I'd ask you to write out the lines below exactly, with no images.

[Opening RECORDED INFORMATION section]

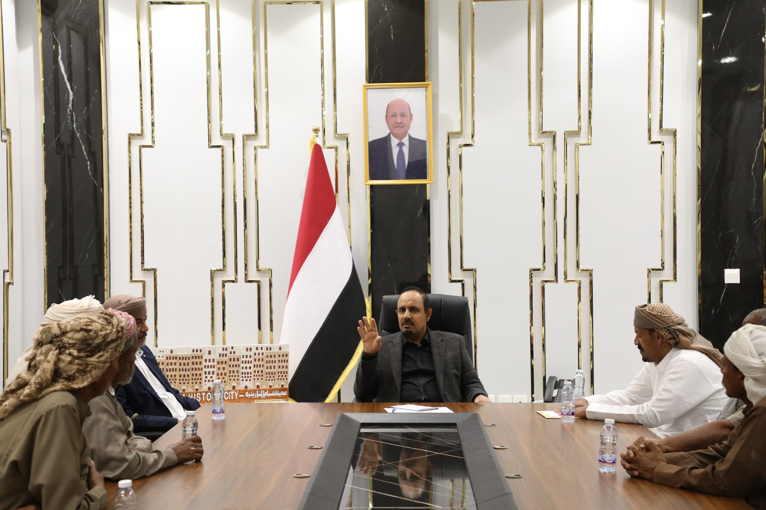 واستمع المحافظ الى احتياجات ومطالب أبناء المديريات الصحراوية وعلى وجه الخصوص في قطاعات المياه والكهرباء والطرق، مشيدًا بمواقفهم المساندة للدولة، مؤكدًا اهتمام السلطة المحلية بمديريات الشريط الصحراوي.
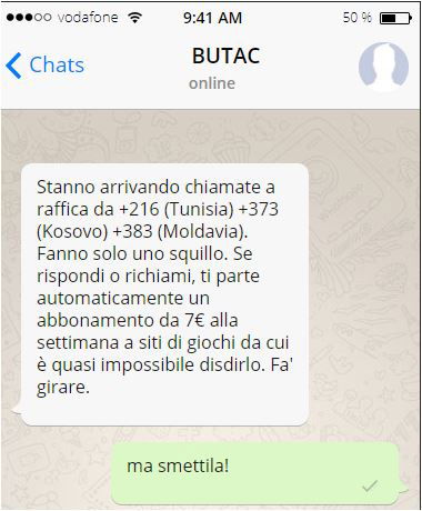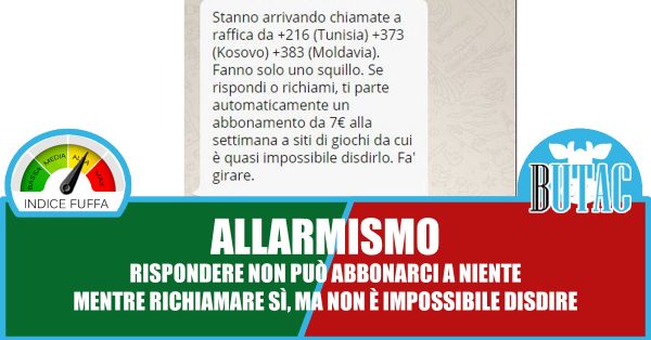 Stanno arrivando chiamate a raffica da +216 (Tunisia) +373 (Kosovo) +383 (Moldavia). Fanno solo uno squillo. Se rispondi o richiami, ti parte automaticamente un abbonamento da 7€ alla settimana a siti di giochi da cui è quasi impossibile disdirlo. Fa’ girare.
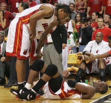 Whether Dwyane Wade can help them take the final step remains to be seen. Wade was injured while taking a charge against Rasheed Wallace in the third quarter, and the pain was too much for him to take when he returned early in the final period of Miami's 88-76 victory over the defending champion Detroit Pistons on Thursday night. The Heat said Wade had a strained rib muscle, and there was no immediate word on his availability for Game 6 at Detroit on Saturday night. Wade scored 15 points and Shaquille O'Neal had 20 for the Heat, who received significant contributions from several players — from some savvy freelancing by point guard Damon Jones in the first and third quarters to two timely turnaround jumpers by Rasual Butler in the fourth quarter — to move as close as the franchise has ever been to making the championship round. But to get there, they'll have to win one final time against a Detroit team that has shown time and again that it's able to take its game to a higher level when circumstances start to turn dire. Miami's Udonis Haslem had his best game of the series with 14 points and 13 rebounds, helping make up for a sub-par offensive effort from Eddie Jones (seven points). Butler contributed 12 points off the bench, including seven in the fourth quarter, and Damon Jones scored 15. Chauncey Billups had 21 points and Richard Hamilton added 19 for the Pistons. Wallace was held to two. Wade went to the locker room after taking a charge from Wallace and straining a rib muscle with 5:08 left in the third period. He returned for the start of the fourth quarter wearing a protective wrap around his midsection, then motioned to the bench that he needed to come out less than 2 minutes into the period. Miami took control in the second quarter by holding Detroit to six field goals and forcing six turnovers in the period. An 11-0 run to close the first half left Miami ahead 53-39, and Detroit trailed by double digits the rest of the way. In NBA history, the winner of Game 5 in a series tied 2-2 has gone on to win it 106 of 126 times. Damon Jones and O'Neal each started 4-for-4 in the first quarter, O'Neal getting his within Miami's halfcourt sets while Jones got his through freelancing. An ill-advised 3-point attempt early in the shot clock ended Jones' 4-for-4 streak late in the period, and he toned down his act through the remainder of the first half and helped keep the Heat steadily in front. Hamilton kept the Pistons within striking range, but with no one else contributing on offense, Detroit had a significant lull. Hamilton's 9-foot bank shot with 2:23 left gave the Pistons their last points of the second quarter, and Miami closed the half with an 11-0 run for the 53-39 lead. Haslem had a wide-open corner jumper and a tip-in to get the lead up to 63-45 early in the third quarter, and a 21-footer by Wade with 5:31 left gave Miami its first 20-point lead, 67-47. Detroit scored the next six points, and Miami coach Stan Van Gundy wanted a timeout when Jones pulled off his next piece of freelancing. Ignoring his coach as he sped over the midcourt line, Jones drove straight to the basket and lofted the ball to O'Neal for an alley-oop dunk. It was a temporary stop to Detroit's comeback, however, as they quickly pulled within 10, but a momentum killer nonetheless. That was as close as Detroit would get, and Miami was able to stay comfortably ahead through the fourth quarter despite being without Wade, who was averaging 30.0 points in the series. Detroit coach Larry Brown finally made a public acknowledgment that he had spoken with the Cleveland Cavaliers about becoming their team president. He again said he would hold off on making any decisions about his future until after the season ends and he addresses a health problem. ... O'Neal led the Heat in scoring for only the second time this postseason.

[Closing RECORDED INFORMATION section]

▸ SOLUTION TO THE EXERCISE:
 واستمع المحافظ الى احتياجات ومطالب أبناء المديريات الصحراوية وعلى وجه الخصوص في قطاعات المياه والكهرباء والطرق، مشيدًا بمواقفهم المساندة للدولة، مؤكدًا اهتمام السلطة المحلية بمديريات الشريط الصحراوي.
 Stanno arrivando chiamate a raffica da +216 (Tunisia) +373 (Kosovo) +383 (Moldavia). Fanno solo uno squillo. Se rispondi o richiami, ti parte automaticamente un abbonamento da 7€ alla settimana a siti di giochi da cui è quasi impossibile disdirlo. Fa’ girare.
 Whether Dwyane Wade can help them take the final step remains to be seen. Wade was injured while taking a charge against Rasheed Wallace in the third quarter, and the pain was too much for him to take when he returned early in the final period of Miami's 88-76 victory over the defending champion Detroit Pistons on Thursday night. The Heat said Wade had a strained rib muscle, and there was no immediate word on his availability for Game 6 at Detroit on Saturday night. Wade scored 15 points and Shaquille O'Neal had 20 for the Heat, who received significant contributions from several players — from some savvy freelancing by point guard Damon Jones in the first and third quarters to two timely turnaround jumpers by Rasual Butler in the fourth quarter — to move as close as the franchise has ever been to making the championship round. But to get there, they'll have to win one final time against a Detroit team that has shown time and again that it's able to take its game to a higher level when circumstances start to turn dire. Miami's Udonis Haslem had his best game of the series with 14 points and 13 rebounds, helping make up for a sub-par offensive effort from Eddie Jones (seven points). Butler contributed 12 points off the bench, including seven in the fourth quarter, and Damon Jones scored 15. Chauncey Billups had 21 points and Richard Hamilton added 19 for the Pistons. Wallace was held to two. Wade went to the locker room after taking a charge from Wallace and straining a rib muscle with 5:08 left in the third period. He returned for the start of the fourth quarter wearing a protective wrap around his midsection, then motioned to the bench that he needed to come out less than 2 minutes into the period. Miami took control in the second quarter by holding Detroit to six field goals and forcing six turnovers in the period. An 11-0 run to close the first half left Miami ahead 53-39, and Detroit trailed by double digits the rest of the way. In NBA history, the winner of Game 5 in a series tied 2-2 has gone on to win it 106 of 126 times. Damon Jones and O'Neal each started 4-for-4 in the first quarter, O'Neal getting his within Miami's halfcourt sets while Jones got his through freelancing. An ill-advised 3-point attempt early in the shot clock ended Jones' 4-for-4 streak late in the period, and he toned down his act through the remainder of the first half and helped keep the Heat steadily in front. Hamilton kept the Pistons within striking range, but with no one else contributing on offense, Detroit had a significant lull. Hamilton's 9-foot bank shot with 2:23 left gave the Pistons their last points of the second quarter, and Miami closed the half with an 11-0 run for the 53-39 lead. Haslem had a wide-open corner jumper and a tip-in to get the lead up to 63-45 early in the third quarter, and a 21-footer by Wade with 5:31 left gave Miami its first 20-point lead, 67-47. Detroit scored the next six points, and Miami coach Stan Van Gundy wanted a timeout when Jones pulled off his next piece of freelancing. Ignoring his coach as he sped over the midcourt line, Jones drove straight to the basket and lofted the ball to O'Neal for an alley-oop dunk. It was a temporary stop to Detroit's comeback, however, as they quickly pulled within 10, but a momentum killer nonetheless. That was as close as Detroit would get, and Miami was able to stay comfortably ahead through the fourth quarter despite being without Wade, who was averaging 30.0 points in the series. Detroit coach Larry Brown finally made a public acknowledgment that he had spoken with the Cleveland Cavaliers about becoming their team president. He again said he would hold off on making any decisions about his future until after the season ends and he addresses a health problem. ... O'Neal led the Heat in scoring for only the second time this postseason.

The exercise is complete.